PagerDuty routing keys and Slack webhook URLs must not appear in the values file. Store them as secrets and reference them via environment variables:

kubectl create secret generic falcosidekick-secrets \
  --namespace falco \
  --from-literal=PAGERDUTY_ROUTINGKEY=<your-routing-key> \
  --from-literal=SLACK_WEBHOOKURL=https://hooks.slack.com/services/...

Add the following to the Helm values to inject these secrets as environment variables:

extraEnv:
  - name: PAGERDUTY_ROUTINGKEY
    valueFrom:
      secretKeyRef:
        name: falcosidekick-secrets
        key: PAGERDUTY_ROUTINGKEY
  - name: SLACK_WEBHOOKURL
    valueFrom:
      secretKeyRef:
        name: falcosidekick-secrets
        key: SLACK_WEBHOOKURL

Rate limiting¶

Without rate limiting, a single misbehaving container can flood Slack with hundreds of identical alerts per minute. Falcosidekick includes a throttling mechanism per rule:

config:
  bracketduration: 2m
  bracketmaxevents: 10

This allows at most 10 alerts per rule per 2-minute window to pass through to outputs. Events beyond that threshold are counted but not forwarded. The counts are visible in the Falcosidekick UI and in the Prometheus metrics endpoint. Adjust these values with care: too aggressive a throttle risks hiding a genuine alert storm during an active incident.

Falcosidekick UI¶

The UI is deployed as a companion to Falcosidekick. Enable it in the values file:

webui:
  enabled: true
  replicaCount: 1
  redis:
    storageEnabled: true
    storageSize: 1Gi
    storageClass: hcloud-volumes

Access the UI via port-forward during incidents:

kubectl port-forward -n falco svc/falcosidekick-ui 2802:2802

Then open http://localhost:2802 in a browser. The UI shows a real-time event feed, priority breakdown, top triggered rules, and a timeline of alert volumes.

Graylog HTTP input configuration¶

Graylog receives Falco alerts via a GELF HTTP input. Create a GELF HTTP input in Graylog on port 12201, then verify that Falcosidekick is delivering events:

curl -s http://graylog.golems.internal:12201/gelf \
  -H "Content-Type: application/json" \
  -d '{"version":"1.1","host":"test","short_message":"falco test","level":1}'

In Graylog, the events appear under the stream falco-alerts. Cheery has configured a saved search and two alert conditions on that stream: one that triggers if no Falco events have arrived for 10 minutes (which suggests Falco itself may be down), and one that triggers if more than 50 critical events arrive in a 5-minute window.

Grafana dashboard¶

A Grafana dashboard named “Falco Alert Rates” is deployed from the golem-trust/dashboards repository.

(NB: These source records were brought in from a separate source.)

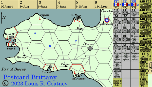 Postcard Brittany is a relatively fast and simple - NO "Zones of Control!" - but historical little 6-turn sudden-death postcard wargame about General George Patton's August 1944 coup de main attempts to grab the major French ports of Brittany, before the Germans could organize their defenses.
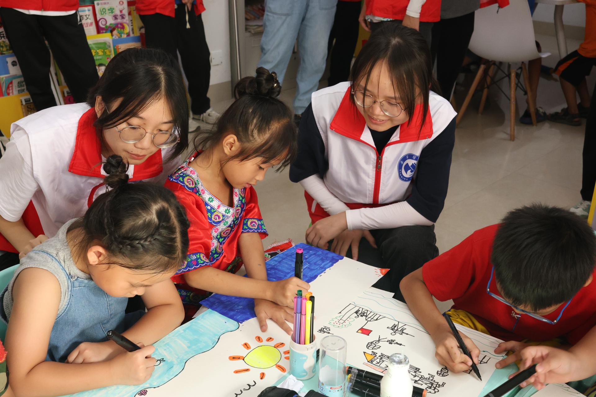 促进团师生还与孩子们一起绘画折纸。孩子们在师生的指导下,发挥自己的想象力在画纸上尽情描绘出一幅幅精美的画作,一张张彩纸在孩子们的手中变成了缤纷多彩的爱心、千纸鹤等作品,寄托着孩子们对父母的祝福与思念,亦抒发了他们对美好生活的向往。
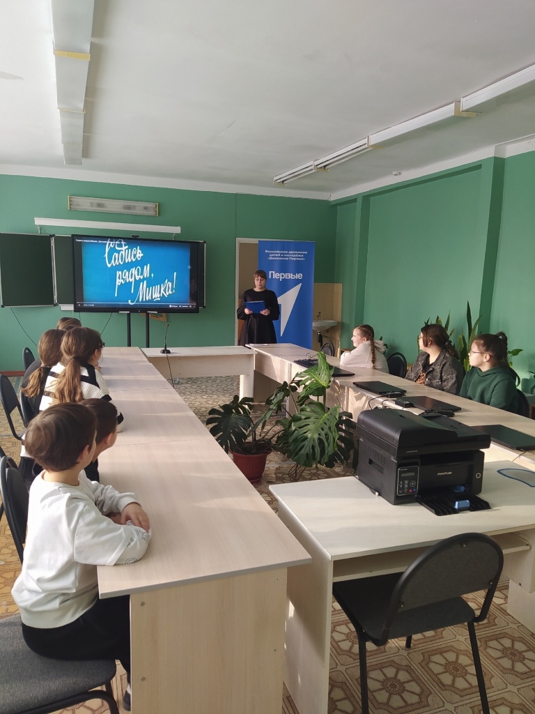 Сегодня с ребятами 5 и 6 класса прошла встреча с сельским библиотекарем Красновой Л.А., которая рассказала об исторических событиях и судьбах людей того времени. После беседы ученики просмотрели художественный фильм «Садись рядом, Мишка!».
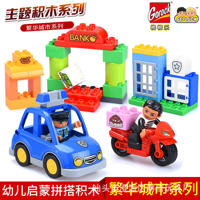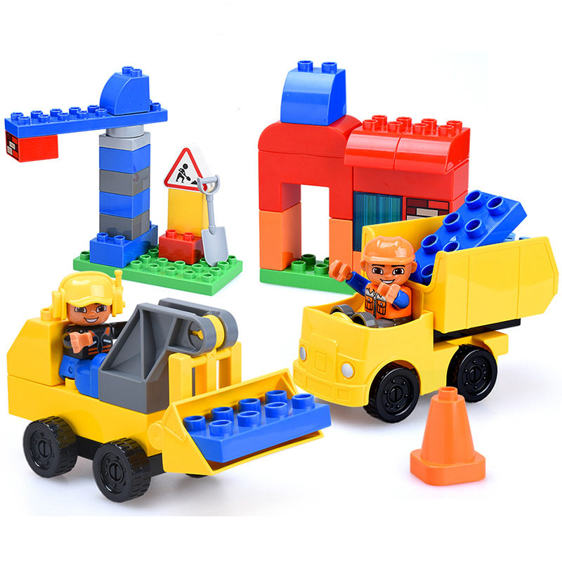 大颗粒积木汽车火车玩具男孩儿童益智工程车飞机车轮场景3-6岁

It reads from the Prometheus metrics that Falcosidekick exposes on port 2801. The key panels are:

# Events total by priority (PromQL)
sum by (priority) (falcosidekick_inputs_total)

# Events per rule (top 10)
topk(10, sum by (rule) (falcosidekick_inputs_total))

# Throttled events (potential alert storm indicator)
falcosidekick_outputs_total{output="THROTTLING"}

The dashboard is provisioned automatically via Grafana’s configmap-based provisioning. If the panels show no data, verify that Prometheus is scraping the falcosidekick service on port 2801 by checking the Prometheus targets page.